*Task to complete*.
Reproduce exactly the lines of this material that begin at the line with "Этажерка узкая пластиковая" and end at the line with "5.Tool no.:7239,7240,7241,7242,7335 and", both included. Omit the pictures and everything else.

Top of Data for the task

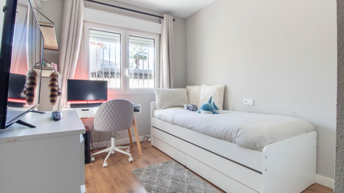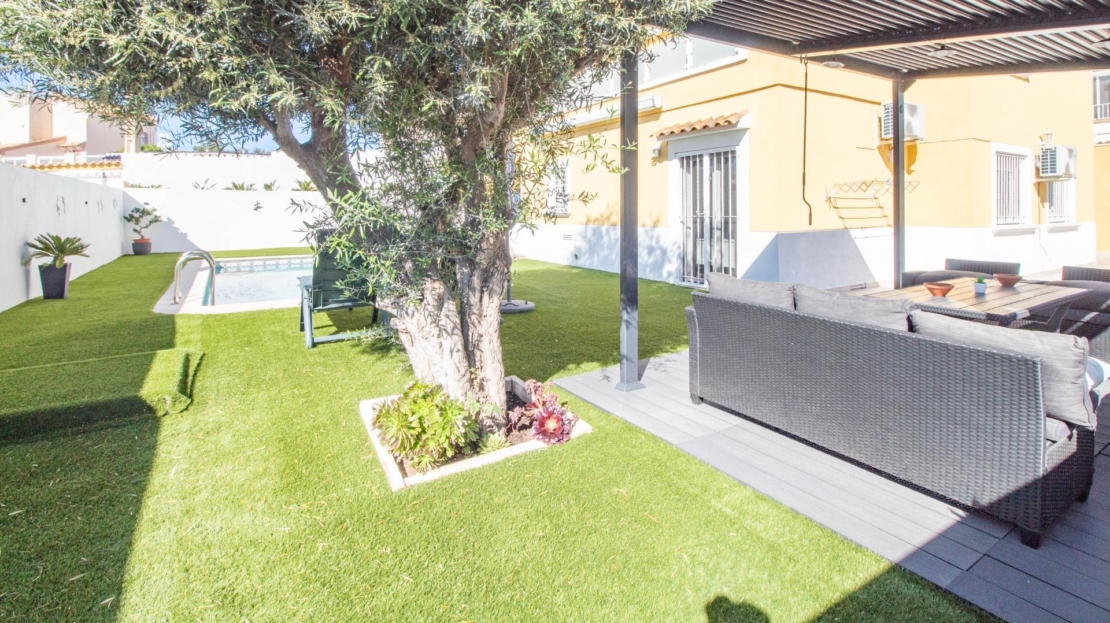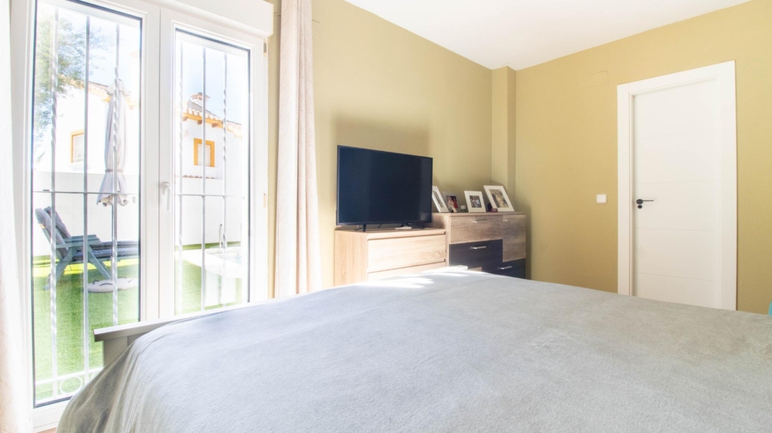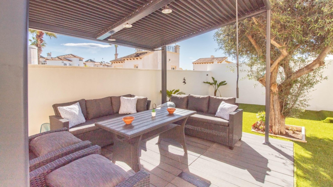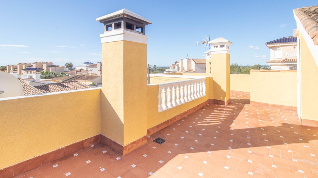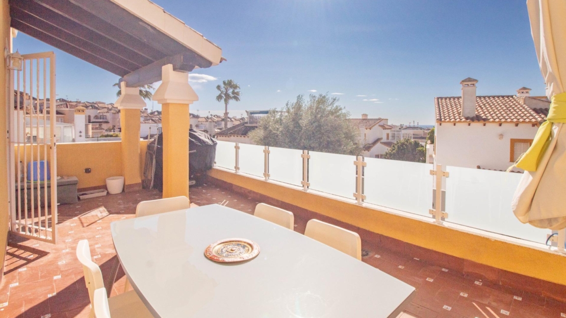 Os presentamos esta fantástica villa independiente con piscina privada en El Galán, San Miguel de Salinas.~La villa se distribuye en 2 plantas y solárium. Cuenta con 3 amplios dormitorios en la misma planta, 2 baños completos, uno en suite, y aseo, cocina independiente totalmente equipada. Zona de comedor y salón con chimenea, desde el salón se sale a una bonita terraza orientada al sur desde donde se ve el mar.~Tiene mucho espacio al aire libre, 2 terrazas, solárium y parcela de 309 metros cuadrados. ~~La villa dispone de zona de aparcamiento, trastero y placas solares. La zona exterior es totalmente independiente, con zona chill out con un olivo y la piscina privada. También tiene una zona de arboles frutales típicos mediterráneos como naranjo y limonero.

Bottom of Data for the task
Top of Data for the task

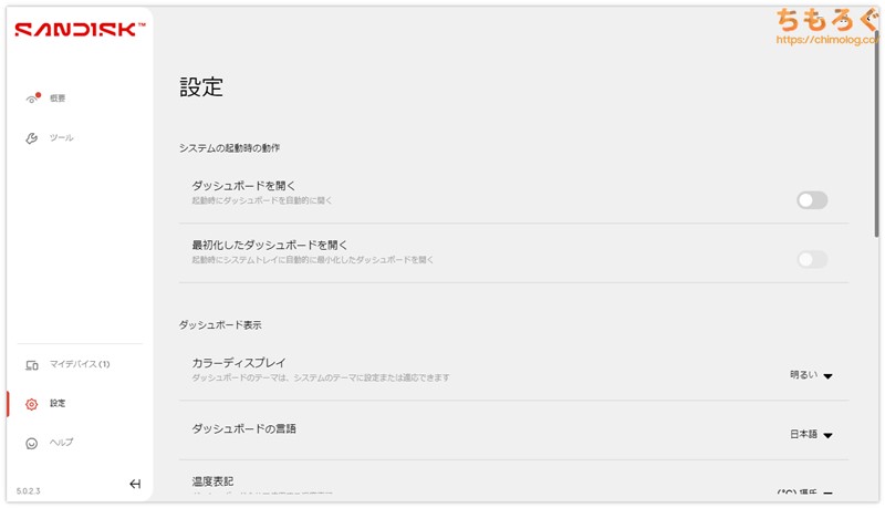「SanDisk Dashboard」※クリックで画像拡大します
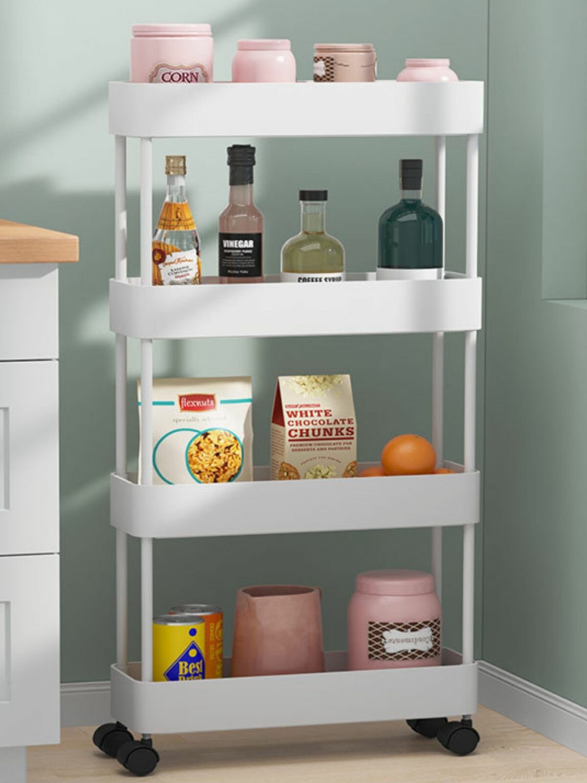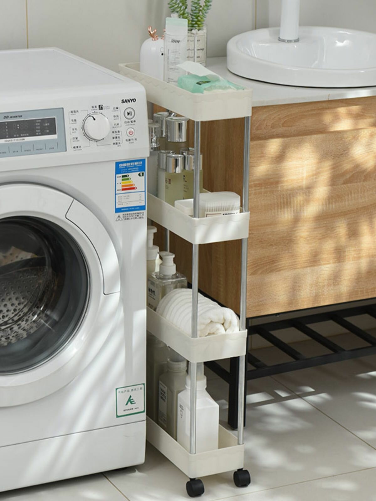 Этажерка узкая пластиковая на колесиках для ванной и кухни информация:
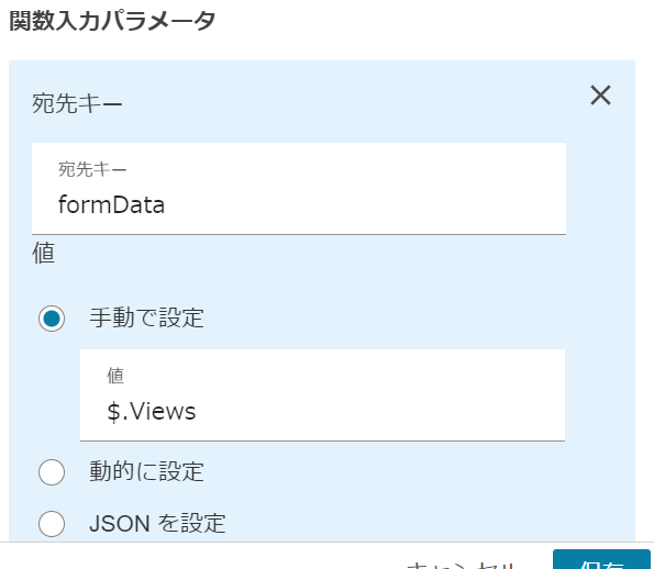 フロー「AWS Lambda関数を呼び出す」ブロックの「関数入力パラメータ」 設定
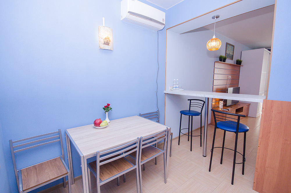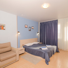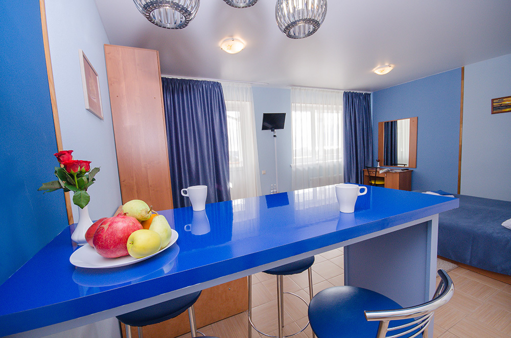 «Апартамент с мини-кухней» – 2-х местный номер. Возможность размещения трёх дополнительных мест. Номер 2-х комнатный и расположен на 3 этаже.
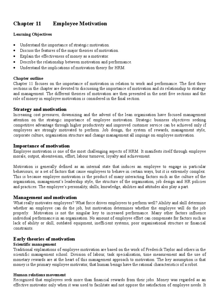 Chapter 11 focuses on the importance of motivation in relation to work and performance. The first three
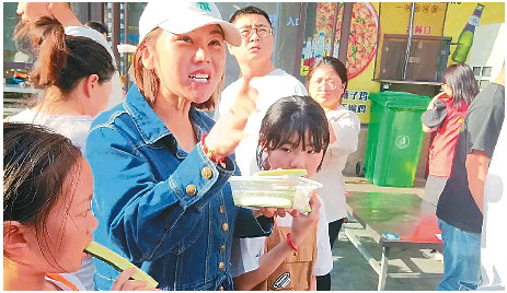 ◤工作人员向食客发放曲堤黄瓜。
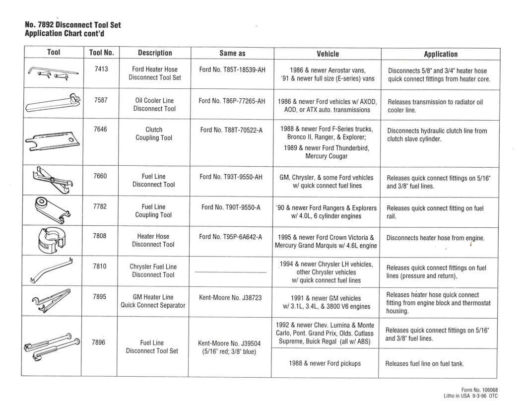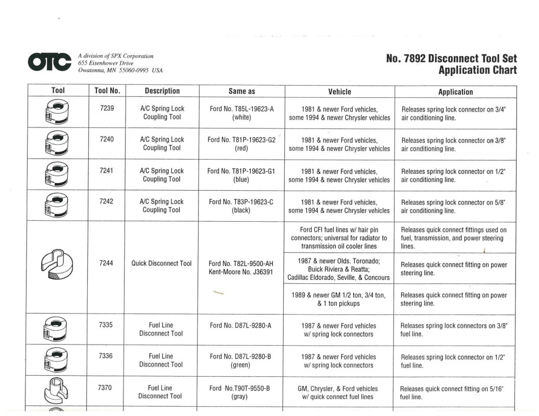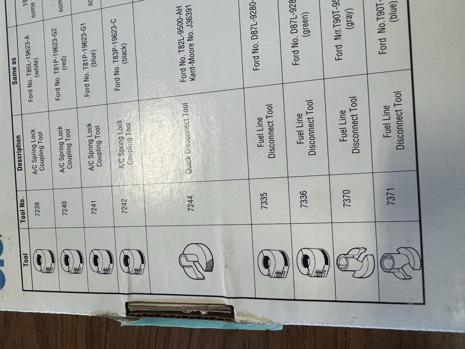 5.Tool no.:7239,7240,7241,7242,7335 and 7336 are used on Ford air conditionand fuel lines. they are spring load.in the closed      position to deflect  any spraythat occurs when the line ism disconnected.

Bottom of Data for the task

*Task result*.
 Этажерка узкая пластиковая на колесиках для ванной и кухни информация:
 フロー「AWS Lambda関数を呼び出す」ブロックの「関数入力パラメータ」 設定
 «Апартамент с мини-кухней» – 2-х местный номер. Возможность размещения трёх дополнительных мест. Номер 2-х комнатный и расположен на 3 этаже.
 Chapter 11 focuses on the importance of motivation in relation to work and performance. The first three
 ◤工作人员向食客发放曲堤黄瓜。
 5.Tool no.:7239,7240,7241,7242,7335 and 7336 are used on Ford air conditionand fuel lines. they are spring load.in the closed      position to deflect  any spraythat occurs when the line ism disconnected.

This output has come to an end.